Diagnostics & Imaging Week Contributing Writer

A strategy to compare the genomes of cells from human tumors with those of normal body cells to identify genes that initiate the development of cancer has proved successful, allowing scientists to confirm the role of a known gene in the development of basal-cell carcinoma (BCC).

The researchers, funded by Cancer Research UK and the Association for International Cancer Research (AICR), showed that cells in more than 90% of BCC have genetic damage in the same place. The region of the genome affected contains a gene called PTCH (known as “patched”), which already has been linked to skin and other types of cancer.

Muy-Teck Teh, lecturer in oral cancer at Queen Mary’s School of Medicine and Dentistry (London), told Diagnostics & Imaging Week’s sister publication, BioWorld International: “The fact that we found this signature pattern of genetic damage in over 90 percent of samples of BCC in humans suggests that damage to PTCH may be the ‘first hit’ that is required in order for BCC to form.”

Teh and his colleagues reported their work in a paper in the Oct. 1 issue of Cancer Research.
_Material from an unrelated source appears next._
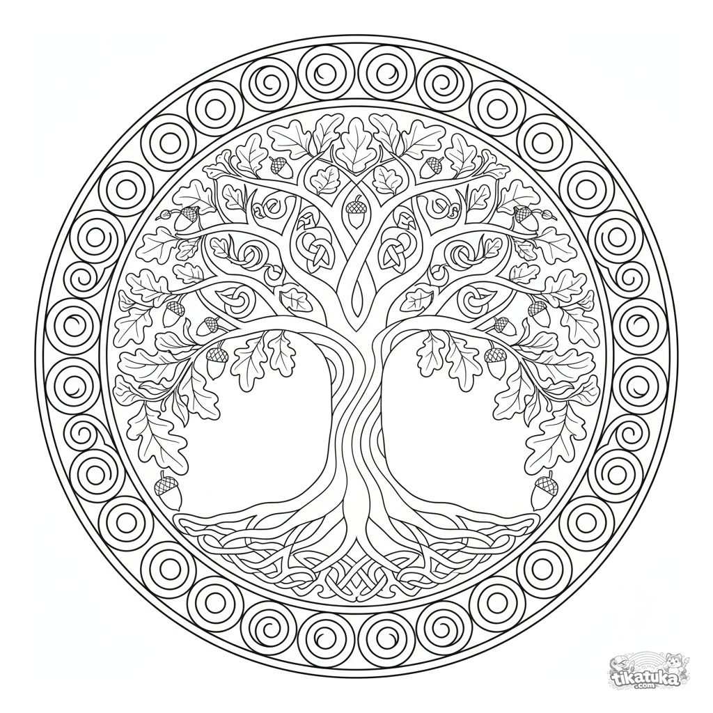 Detaillierte Baum-des-Lebens-Mandala im keltischen Knotenstil für 10-12 Jahre. Verwobene Äste, Knotenmuster, Eicheln, symmetrische Komposition.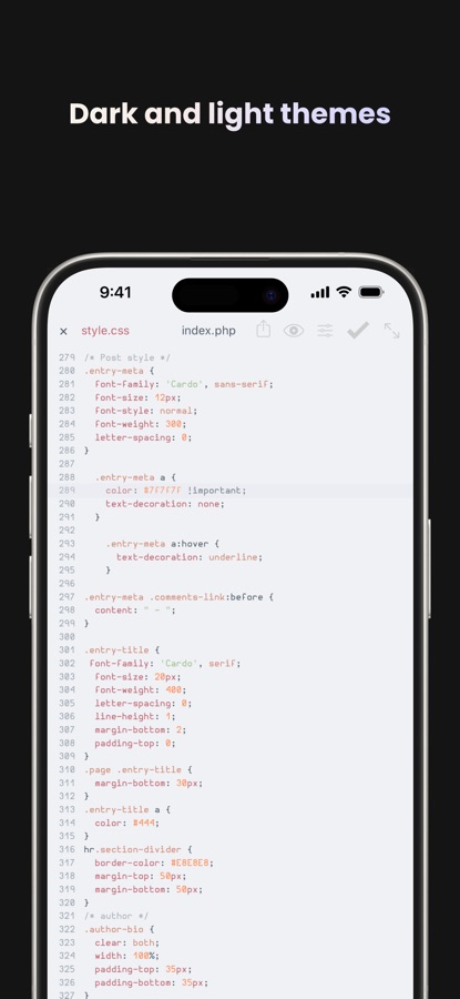 • Customizable fonts, font sizes, and over 300 dark and light themes

BCC is a form of non-melanoma skin cancer. It develops following genetic damage caused by ultraviolet radiation in, for example, sunlight. Each year, more than 60,000 people in the UK are diagnosed with BCC, but few people die from it.

Teh’s group knew that the PTCH gene was a tumor suppressor gene that had been implicated in BCC before. Researchers had found mutations in PTCH in people with Gorlin syndrome, who suffer from developmental defects and BCC formation. In addition, mice lacking two functional copies of the PTCH gene died during early embryonic life, so the gene is clearly required for normal development. Animals with only one functional copy of the gene survive to adulthood, but they are more prone to cancer, especially skin cancer. But it was not clear if PTCH was the key gene, or if other genes also were involved in BCC formation.

In order to obtain a more detailed picture, the researchers set out to compare the entire genomes of normal cells and cells from BCCs. They embarked on a search for regions in which the genome had undergone changes resulting in a condition called loss of heterozygosity. Such a change means that if a gene (such as a tumor suppressor gene) becomes mutated, there is no wild-type gene to compensate for its loss, and the risks of a tumor developing increase.

David Kelsell, lead researcher of the study, said: “We used a technology called a gene chip array that detects any difference between two sets of genes. It’s a vast improvement on previous technologies, which could not pick up certain differences. By comparing a BCC patient’s tumor cells with their healthy cells, we were able to see all of the genetic events that played a part in the development of disease in that individual.”

Further studies on those patients – the majority – who had lost heterozygosity of the genome on the region of chromosome 9 that contains the PTCH gene, showed that 70% of the tumors had mutations in the PTCH gene itself.

Teh added: “We have identified a ‘signature fingerprint’ for BCC, which has very few genetic changes compared to that seen in non-skin epithelial cancers like breast and colon. However, we have also found other less common genetic changes in the BCC, indicating that other genes may also be involved in BCC development.”

Mark Matfield, Scottish scientific consultant of AIRC, said: “There are over 200 different types of cancer, and each one is caused by a handful of key genetic changes. This new gene-testing technology means we will be able to identify them all and that means we can soon start developing treatments aimed at the actual cause of the cancers. [This discovery] will, we expect, be followed by similar discoveries on many different types of cancer, pushing the study of cancer into the next stage of genetic research.”